By @ec109685 - 5 months
Why is this considered such a great AGI test? It seems possible to extensively train a model on the algorithms used to solve these cases, and some cases feel beyond what a human could straightforwardly figure out.
By @a_wild_dandan - 5 months
This tests vision, not intelligence. A reasoning test dependent on noisy information is borderline useless.
By @lossolo - 5 months
It seems like o1 is a lot worse than Claude on coding tasks https://livebench.ai
By @perching_aix - 5 months
Is it possible for me, a human, to undertake these benchmarks?
By @Alifatisk - 5 months
This is a great marketing for Anthropic
By @meowface - 5 months
Takeaway:

>o1-preview is about on par with Anthropic's Claude 3.5 Sonnet in terms of accuracy but takes about 10X longer to achieve similar results to Sonnet.

Scores:

>GPT-4o: 9%

>o1-preview: 21%

>Claude 3.5 Sonnet: 21%

>MindsAI: 46% (current highest score)

By @bulbosaur123 - 5 months
Ok, I have a practical question.
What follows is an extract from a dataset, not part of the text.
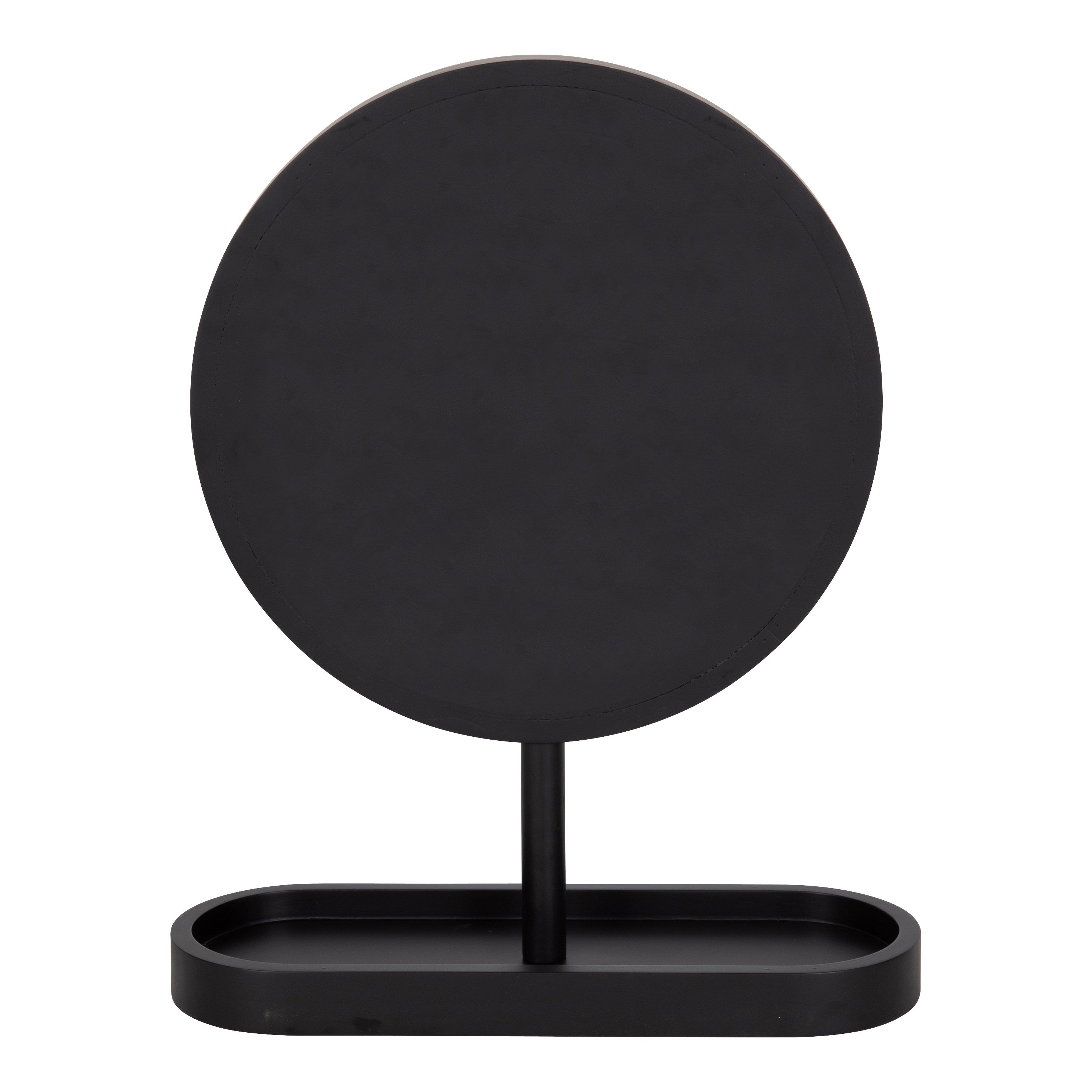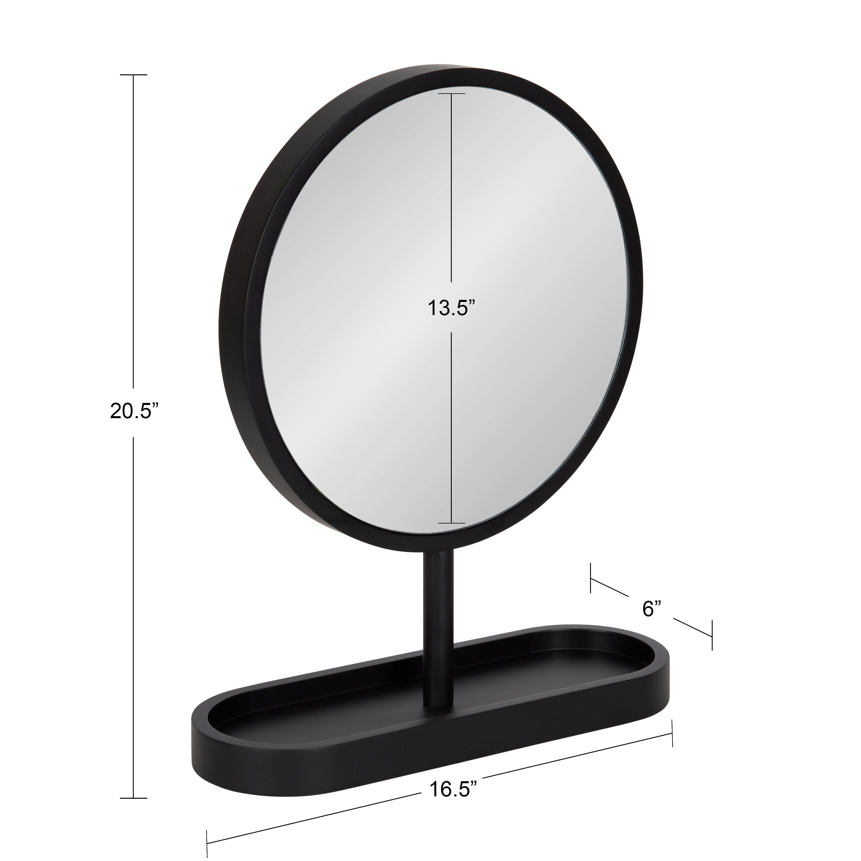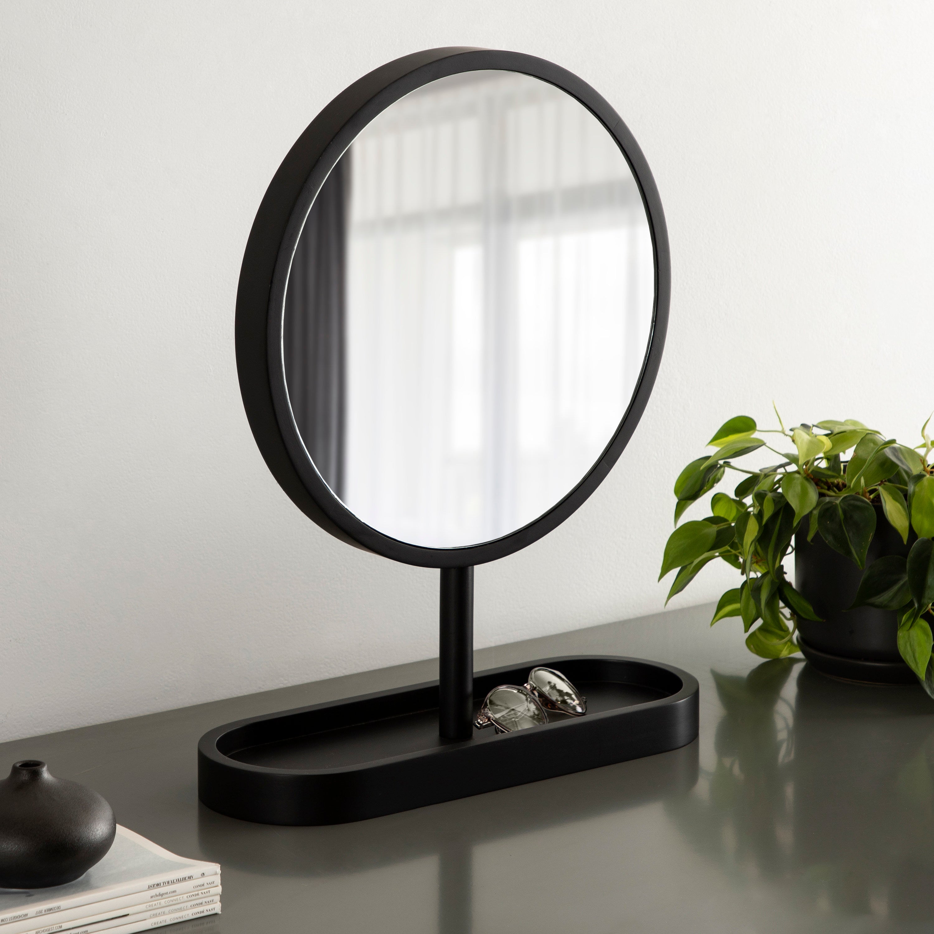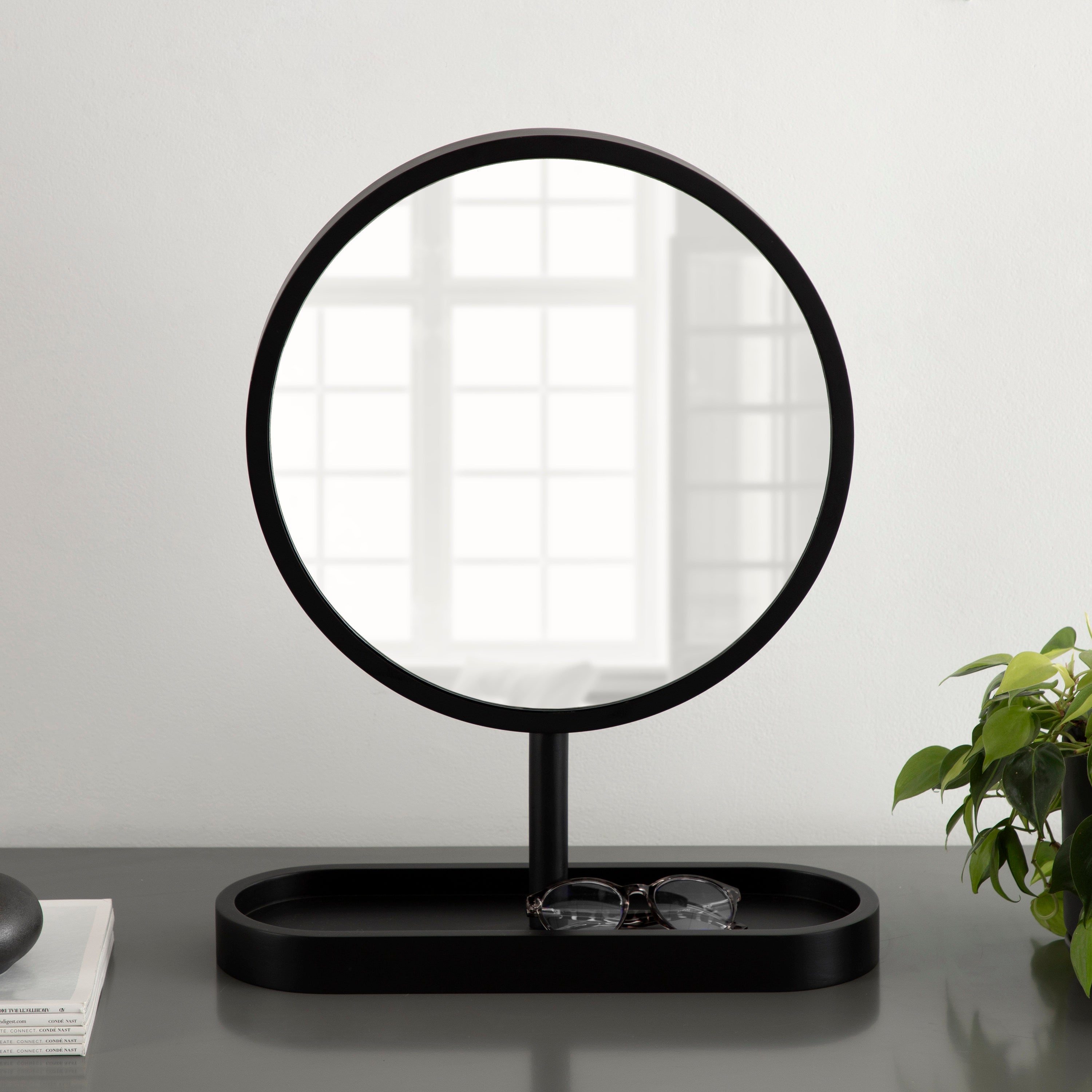 The refreshing Travis tabletop mirror offers a modern design and clean style for any surface of your home. This decor accent features a round, floating mirror connected to a capsule-shaped tray base, combining function with a stylish look. Its wide mirror is fantastic for when you need a last-minute touchup or add vibrancy to your space. The small tray base is open to create an area to catch items like jewelry, makeup, watches, and more. This stylish table accent is fantastic for honing your decorative aesthetic while adding more function to your display areas.

How do I use this o1 thing to view codebase for my game app and then simply add new features based on my prompts? Is it possible rn? How?
By @devit - 5 months
Am I missing something or this "ARC-AGI" thing is so ludicrously terrible that it seems to be completely irrelevant?

It seems that the tasks consists of giving the model examples of a transformation of an input colored grid into an output colored grid, and then asking it to provide the output for a given input.

The problem is of course that the transformation is not specified, so any answer is actually acceptable since one can always come up with a justification for it, and thus there is no reasonable way to evaluate the model (other than only accepting the arbitrary answer that the authors pulled out of who knows where).

It's like those stupid tests that tell you "1 2 3 ..." and you are supposed to complete with 4, but obviously that's absurd since any continuation is valid given that e.g. you can find a polynomial that passes for any four numbers, and the test maker didn't provide any objective criteria to determine which algorithm among multiple candidates is to be preferred.

Basically, something like this is about guessing how the test maker thinks, which is completely unrelated to the concept of AGI (i.e. the ability to provide correct answers to questions based on objectively verifiable criteria).

And if instead of AGI one is just trying to evaluate how the model predicts how the average human thinks, then it makes no sense at all to evaluate language model performance by performance on predicting colored grid transformations.

For instance, since normal LLMs are not trained on colored grids, it means that any model specifically trained on colored grid transformations as performed by humans of similar "intelligence" as the ARC-"AGI" test maker is going to outperform normal LLMs at ARC-"AGI", despite the fact that it is not really a better model in general.